Pethokoukis: Of Course It’s Fair to Compare the Obama and Reagan Economic Recoveries
And when you do, as seen at the right, there is no comparison.
James Pethokoukis at the Enterprise Blog elaborates:
Housing is usually a key contributor to GDP growth during the early stages of a recovery. As a 2011 St. Louis Fed analysis points out, “Somewhat surprisingly, the housing component of GDP (more formally known as residential investment) tends to be a solid contributor to GDP growth during a recovery. Historically, residential investment has contributed only about 5 percent of GDP—a small share considering the consumption component is close to 70 percent. Nevertheless … it can contribute substantially to the GDP growth rate for short periods of time.”
According to Commerce Department data, residential investment added 1.33 percentage points to GDP in 1983, 0.64 in 1984. By contrast, residential investment subtracted 0.11 percentage point in 2010 and 0.03 in 2011.
But here’s the thing: Subtract the housing rebound from the Reagan Recovery and GDP still grows twice as fast as during the Obama Recovery.
Reagan also had to get the economy going when the Fed’s prime rate was around 20% (vs. 3.25% now), when inflation was roaring (from December 1979 to December 1980, prices increased by 12.5%), and a decaying employment market (which continued to do so because Congress pushed off the effective date of Reagan’s supply-side tax cuts to October 1981; the 1981 cut of 5% didn’t take effect until October; spread over the full year, it was really only 1.25%, which was not enough to mean anything. The real effect of the cuts didn’t kick in until January 1982).

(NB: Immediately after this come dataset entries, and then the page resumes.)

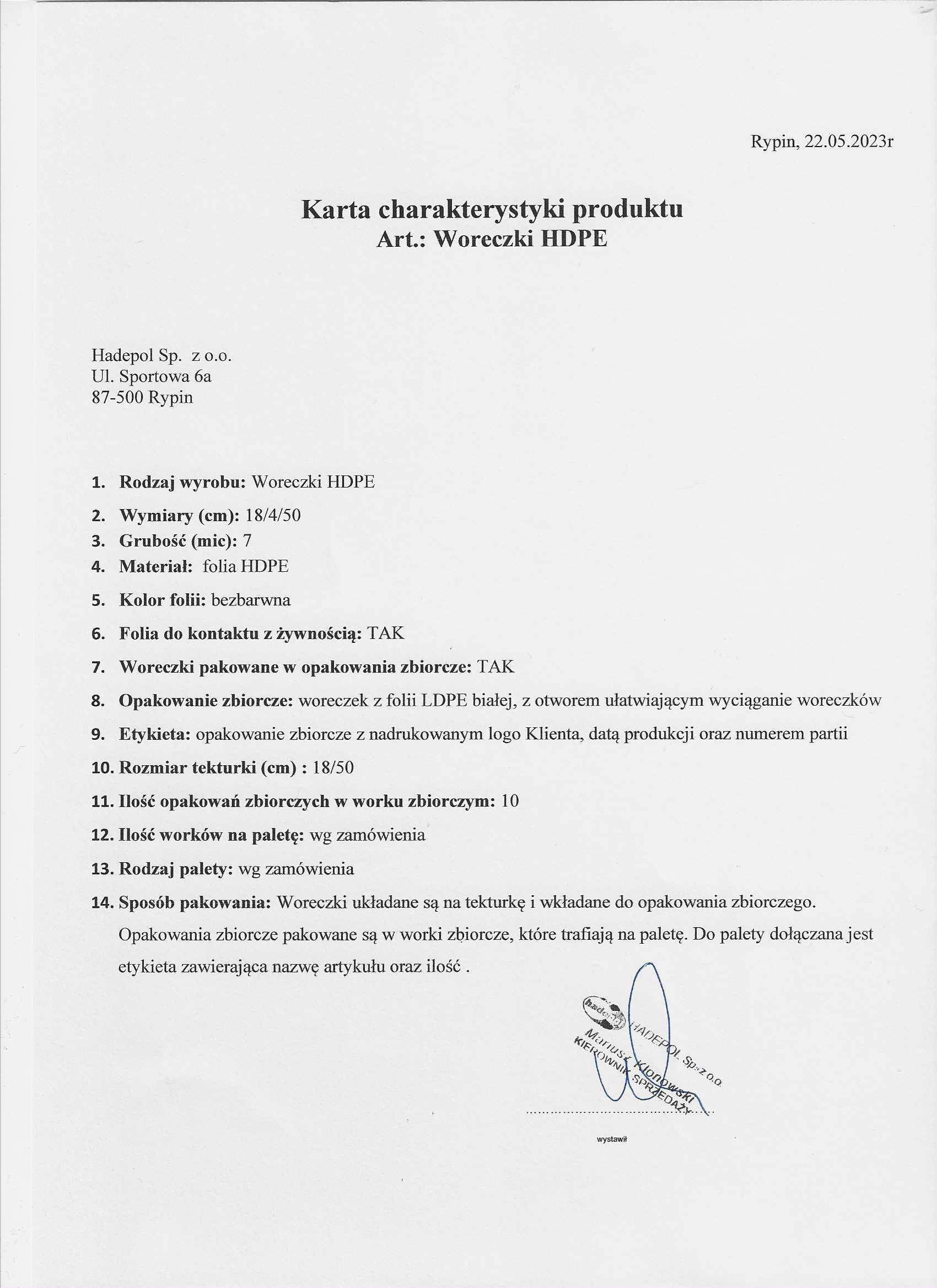- wykonane z przezroczystej folii HDPE przeznaczonej do kontaktu z żywnością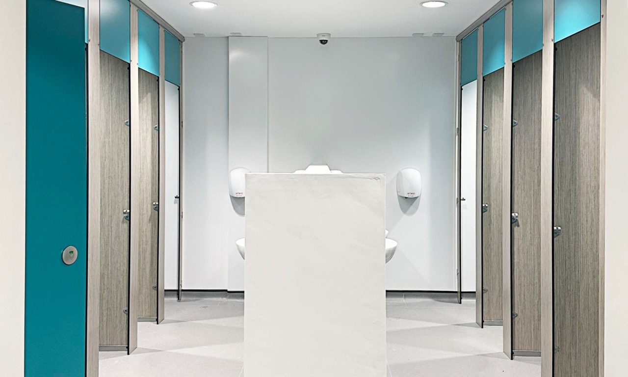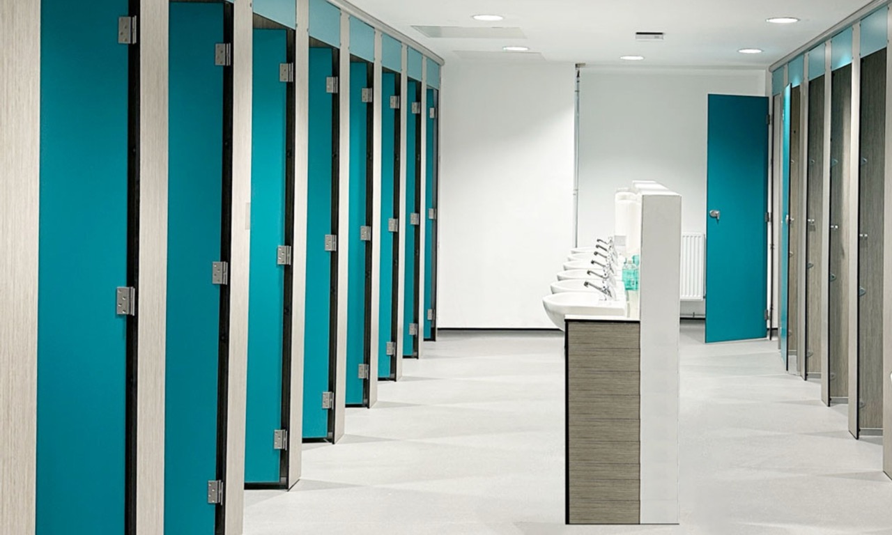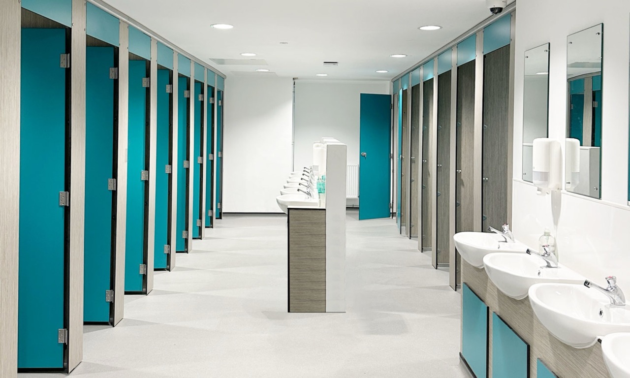 The project involved a comprehensive refurbishment of key washroom areas including: a girls and boys toilet block, sports hall washrooms, and dedicated male and female staff toilets. The aim was to modernise and enhance the privacy of these spaces that are in keeping with the school’s colours and design preferences.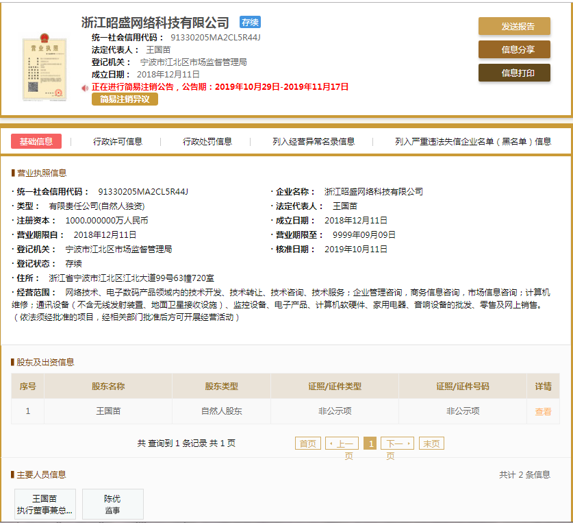 | 公司名称 | 浙江昭盛网络科技有限公司 | 信用代码 | 91330205MA2CL5R44J |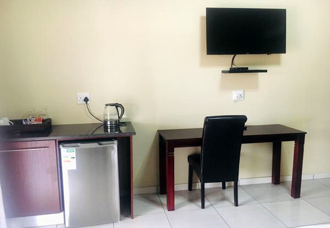 Kudu Room consists of one bedroom with a King-size bed and an en-suite bathroom with a shower and a bath. The bedroom is facing the garden and swimming pool. There is a study table and a dining space. Each room has a TV with DStv / satellite channels, a bar fridge, hairdryer, Wi-Fi and some units have fully equipped kitchens. Guests can make use of the swimming pool and free Wi-Fi.
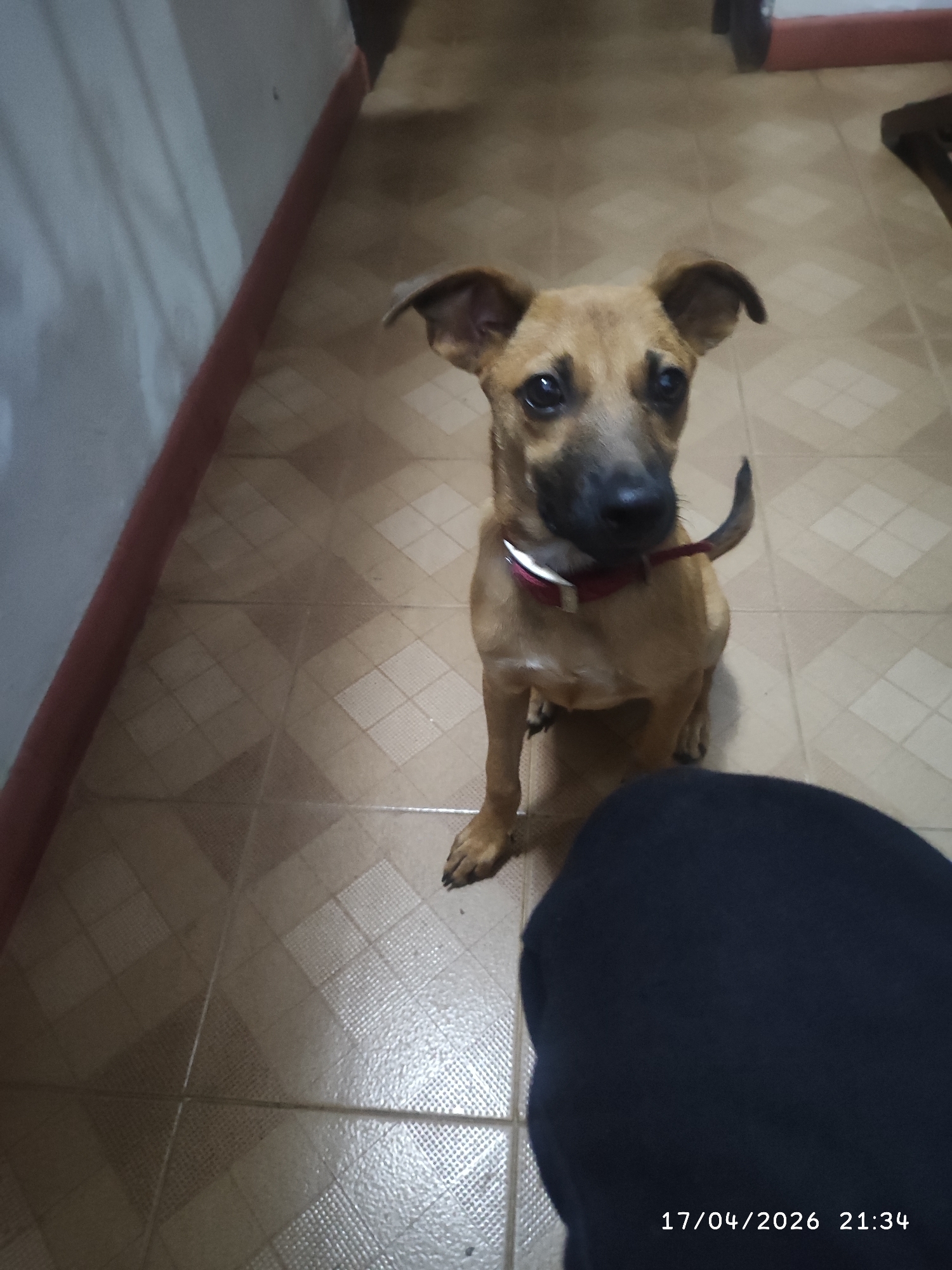 A medium-sized, tan-colored dog with a black muzzle, wearing a red collar, sits on a tiled floor. A person wearing dark clothing is positioned in the foreground, partially obscuring the lower right portion of the frame. The scene is indoors. The floor is covered in square tiles with a geometric pattern. Along the left edge of the frame, a white wall is visible, trimmed with a red border. The environment is domestic. The photo includes a timestamp "17/04/2026 21:34" in the bottom right corner. The specific location within the city of Tinaquillo, Venezuela cannot be determined from the image.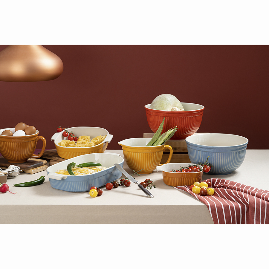Емкость для запекания серии Soft Ripples из жаропрочной каменной керамики идеально подходит для приготовления выпечки, а также тушения и томления продуктов. За счет быстрого и равномерного прогревания формы блюда хорошо пропекаются, получаются сочными и сверху покрываются аппетитной корочкой. Наличие ручек обеспечивает аккуратное извлечение готовой пищи из духовки и удобное ее перемещение. Благодаря природным антипригарным свойствам материала не требуется добавление большого количества масла. Керамическая посуда является экологичной, не деформируется, не впитывает запахи и загрязнения. Рельефный узор на внешней поверхности стенок и интересное цветовое сочетание делают дизайн оригинальным.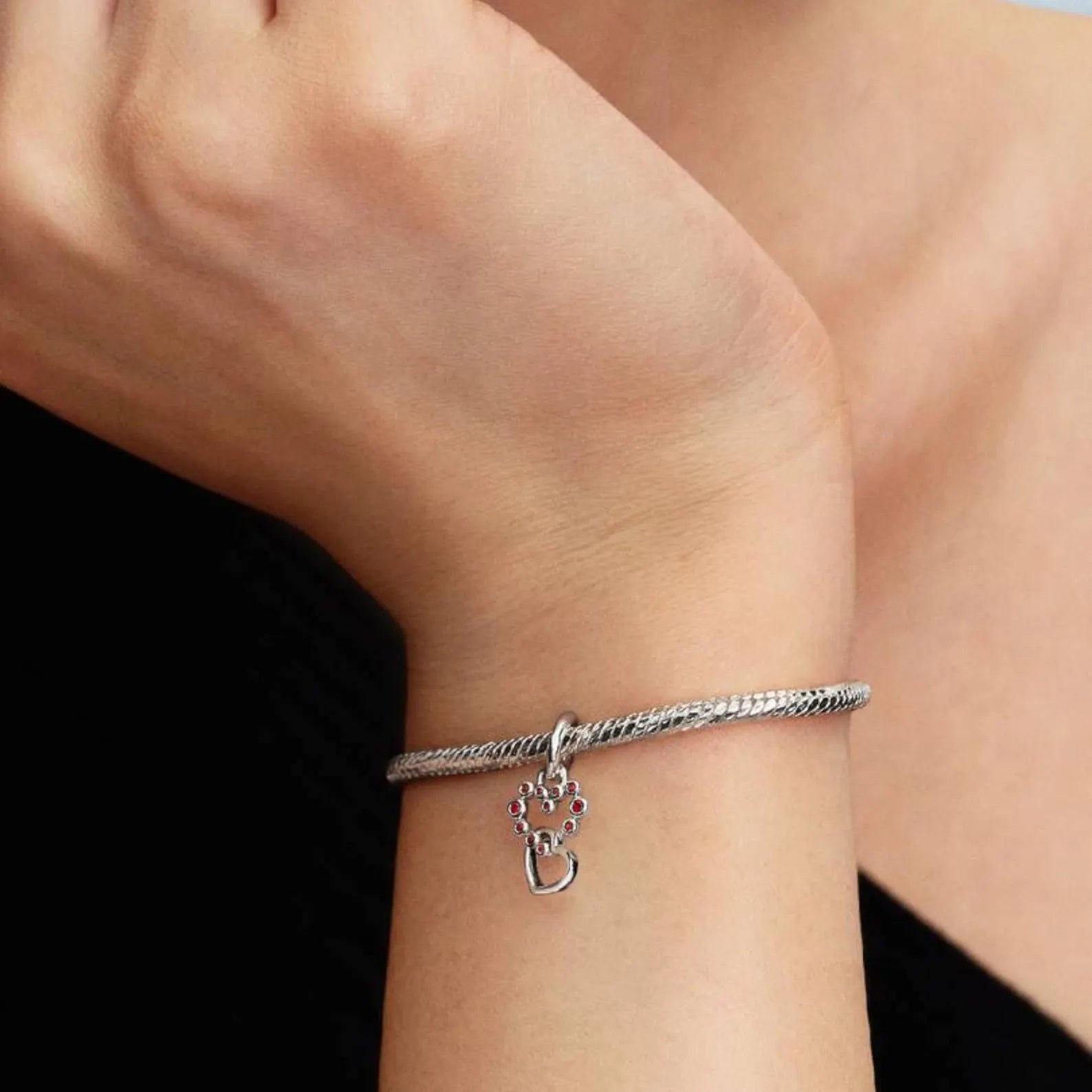 A symbol of love and connection, the Connected Hearts & Red Stones Dangle Charm is crafted in S925 sterling silver, featuring vibrant red crystals set in a heart with a second heart that moves freely to catch the light.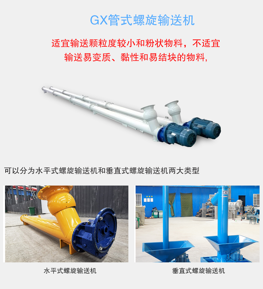 GX型管式螺旋輸送機是按照J(rèn)B/T679-95《螺旋輸送機》標(biāo)準(zhǔn)設(shè)計制造,是LS型螺旋輸送機的換代產(chǎn)品,適宜輸送顆粒度較小和粉狀物料,不適宜輸送易變質(zhì)、黏性和易結(jié)塊的物料,可以分為水平式螺旋輸送機和垂直式螺旋輸送機兩大類型。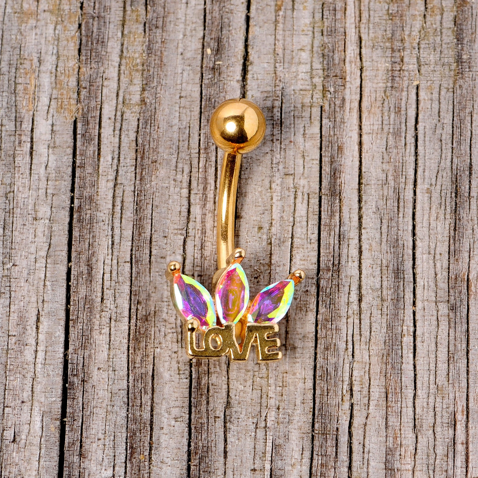 Show the world that love is king...or queen...with this 14 gauge navel jewelry! It's made with a 3/8" gold tone plated over 316L surgical grade stainless steel curved barbell with a 5mm top ball end. The bottom end features a trio of aurora color gems fanned out over the word "love" like a royal crown. Spread love whether it's Valentine's Day or not when you wear love with this elegant and timely belly button ring.Specifications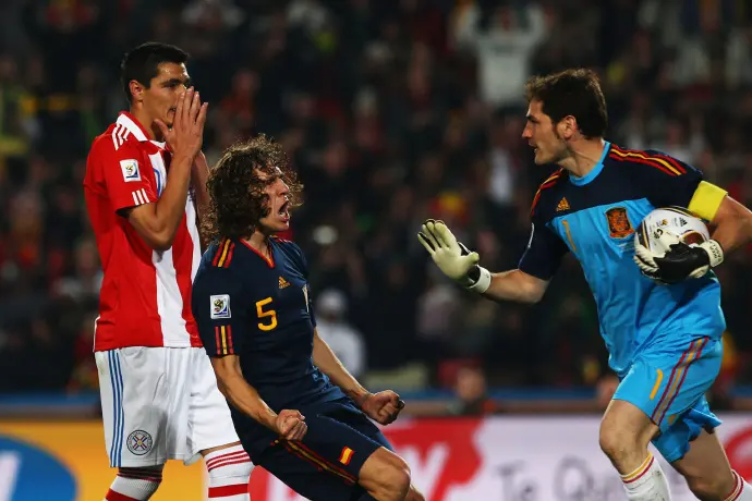 卡西利亚斯当时不仅作为皇马队长无可匹敌,在西班牙国家队,他也是当之无愧的精神领袖和第一守护神,2008年卡西利亚斯率领西班牙国家队横扫欧陆,赢得了队史第二座德劳内杯,并在同年的金球奖评选中位列第4。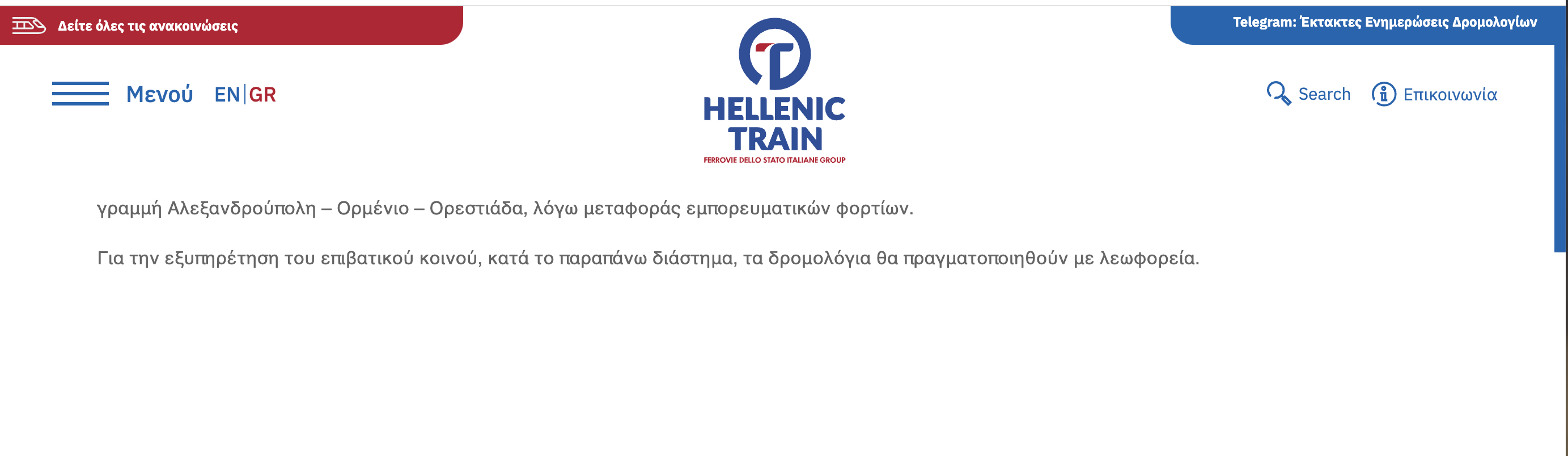 Διακόπτονται τα δρομολόγια στη γραμμή Αλεξανδρούπολη – Ορμένιο – Ορεστιάδα, από σήμερα, Τρίτη 21.01.2025, έως και το Σάββατο 25.01.2025, λόγω μεταφοράς εμπορευματικών φορτίων, σύμφωνα με ανακοίνωση της Hellenic Train.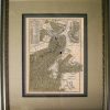 This finely detailed city map is from the 1896 Johnsons Universal Cyclopedia. Streets, parks, cemeteries and public buildings are depicted. This antique map of Boston is framed with a modern feel using a silver ornate frame, with a light sage/ochre fabric outer mat, a black beaded fillet and a charcoal inner mat. This would fit well in anyone’s home!’

The best way to look at the lack of meaningful recovery is to do the math on where the economy was when the recession officially ended, and to then look at where we are now compared to where we could and should be:
- Second-quarter 2009 GDP was $13.85 trillion.
- Having grown by 6.2% in real terms in the meantime, current GDP in second-quarter 2009 dollars is $14.71 trillion.
- If the economy had instead grown at the 14.9% rate seen under Reagan (it actually should have done better, because the most recent downturn was deeper), current GDP in second-quarter 2009 dollars would be $15.92 trillion.
- We could be (really should be) at a place where annual economic output is $1.21 trillion higher ($15.92 minus $14.71). That’s a difference of over $3,900 per year ($75 per week) for each man, woman and child in America, or about $10,000 for every U.S. household. (Figures would be slightly higher in fourth-quarter 2011 dollars.)
We should be mad as hell at this administration for choosing policy prescriptions which failed during the 1930s (and have failed in Old Europe for decades) when it could have chosen the ones which worked in the 1980s (and the 1960s, and to a smaller extent the middle half of the previous decade).